TASK: Report all lines of the records that contain "color".

DATA FOR THIS TASK:

====================

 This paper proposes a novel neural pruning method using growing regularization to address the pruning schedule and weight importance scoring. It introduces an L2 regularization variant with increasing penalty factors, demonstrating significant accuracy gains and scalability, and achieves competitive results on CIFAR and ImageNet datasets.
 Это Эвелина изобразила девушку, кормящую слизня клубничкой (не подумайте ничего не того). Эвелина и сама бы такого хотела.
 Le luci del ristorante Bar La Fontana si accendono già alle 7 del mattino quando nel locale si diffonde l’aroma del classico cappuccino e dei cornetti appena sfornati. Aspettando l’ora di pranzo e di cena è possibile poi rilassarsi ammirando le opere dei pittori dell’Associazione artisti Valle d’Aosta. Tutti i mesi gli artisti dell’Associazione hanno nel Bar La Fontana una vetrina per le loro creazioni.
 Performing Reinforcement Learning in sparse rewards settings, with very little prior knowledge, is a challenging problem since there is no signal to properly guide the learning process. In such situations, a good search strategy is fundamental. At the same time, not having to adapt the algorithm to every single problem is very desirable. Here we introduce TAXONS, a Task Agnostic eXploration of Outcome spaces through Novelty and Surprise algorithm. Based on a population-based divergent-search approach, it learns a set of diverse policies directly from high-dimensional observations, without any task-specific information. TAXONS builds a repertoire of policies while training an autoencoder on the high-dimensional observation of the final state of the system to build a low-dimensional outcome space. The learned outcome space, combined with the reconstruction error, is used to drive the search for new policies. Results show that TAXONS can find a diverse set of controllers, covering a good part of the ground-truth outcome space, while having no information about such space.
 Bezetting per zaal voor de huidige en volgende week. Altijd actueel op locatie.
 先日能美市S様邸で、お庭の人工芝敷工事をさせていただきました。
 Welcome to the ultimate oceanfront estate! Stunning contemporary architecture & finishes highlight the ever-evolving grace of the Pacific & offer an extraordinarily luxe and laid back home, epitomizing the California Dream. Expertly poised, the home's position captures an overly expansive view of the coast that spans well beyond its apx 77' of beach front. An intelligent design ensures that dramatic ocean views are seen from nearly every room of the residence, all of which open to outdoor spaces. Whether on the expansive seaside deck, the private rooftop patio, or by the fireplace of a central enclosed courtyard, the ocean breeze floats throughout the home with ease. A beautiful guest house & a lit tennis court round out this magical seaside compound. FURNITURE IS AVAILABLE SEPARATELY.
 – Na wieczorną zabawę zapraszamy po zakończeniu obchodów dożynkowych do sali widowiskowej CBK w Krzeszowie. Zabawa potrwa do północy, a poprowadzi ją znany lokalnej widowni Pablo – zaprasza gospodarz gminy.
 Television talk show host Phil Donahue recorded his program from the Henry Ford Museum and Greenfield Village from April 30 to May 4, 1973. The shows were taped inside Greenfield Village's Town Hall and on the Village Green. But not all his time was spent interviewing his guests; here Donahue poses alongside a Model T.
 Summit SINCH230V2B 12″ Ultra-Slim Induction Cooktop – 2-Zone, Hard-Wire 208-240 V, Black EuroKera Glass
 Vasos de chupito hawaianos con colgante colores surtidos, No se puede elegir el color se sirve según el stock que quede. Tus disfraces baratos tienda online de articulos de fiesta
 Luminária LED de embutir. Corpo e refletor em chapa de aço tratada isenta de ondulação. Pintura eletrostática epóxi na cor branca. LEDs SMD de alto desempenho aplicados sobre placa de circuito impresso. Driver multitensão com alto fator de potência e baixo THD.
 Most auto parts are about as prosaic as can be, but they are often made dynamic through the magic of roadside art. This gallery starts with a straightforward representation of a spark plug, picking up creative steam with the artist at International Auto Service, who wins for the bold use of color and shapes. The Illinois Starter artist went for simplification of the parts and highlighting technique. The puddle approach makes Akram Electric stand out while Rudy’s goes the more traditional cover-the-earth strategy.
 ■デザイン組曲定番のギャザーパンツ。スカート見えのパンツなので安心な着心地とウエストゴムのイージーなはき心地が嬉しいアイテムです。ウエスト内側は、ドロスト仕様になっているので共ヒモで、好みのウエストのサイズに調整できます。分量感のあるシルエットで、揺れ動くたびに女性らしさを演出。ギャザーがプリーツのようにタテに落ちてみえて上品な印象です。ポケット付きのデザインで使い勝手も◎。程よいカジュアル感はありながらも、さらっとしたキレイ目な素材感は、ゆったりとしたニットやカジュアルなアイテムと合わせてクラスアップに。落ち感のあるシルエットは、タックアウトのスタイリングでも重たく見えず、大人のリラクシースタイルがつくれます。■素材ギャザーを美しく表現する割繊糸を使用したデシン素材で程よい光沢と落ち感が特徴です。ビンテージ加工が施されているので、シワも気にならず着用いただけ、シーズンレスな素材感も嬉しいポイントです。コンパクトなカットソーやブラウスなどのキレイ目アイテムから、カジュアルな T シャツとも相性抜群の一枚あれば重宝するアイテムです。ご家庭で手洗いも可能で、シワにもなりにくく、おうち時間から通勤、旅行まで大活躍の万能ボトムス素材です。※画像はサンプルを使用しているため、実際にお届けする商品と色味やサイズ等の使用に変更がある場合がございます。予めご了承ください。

====================

YOUR RESPONSE:
 Vasos de chupito hawaianos con colgante colores surtidos, No se puede elegir el color se sirve según el stock que quede. Tus disfraces baratos tienda online de articulos de fiesta
 Most auto parts are about as prosaic as can be, but they are often made dynamic through the magic of roadside art. This gallery starts with a straightforward representation of a spark plug, picking up creative steam with the artist at International Auto Service, who wins for the bold use of color and shapes. The Illinois Starter artist went for simplification of the parts and highlighting technique. The puddle approach makes Akram Electric stand out while Rudy’s goes the more traditional cover-the-earth strategy.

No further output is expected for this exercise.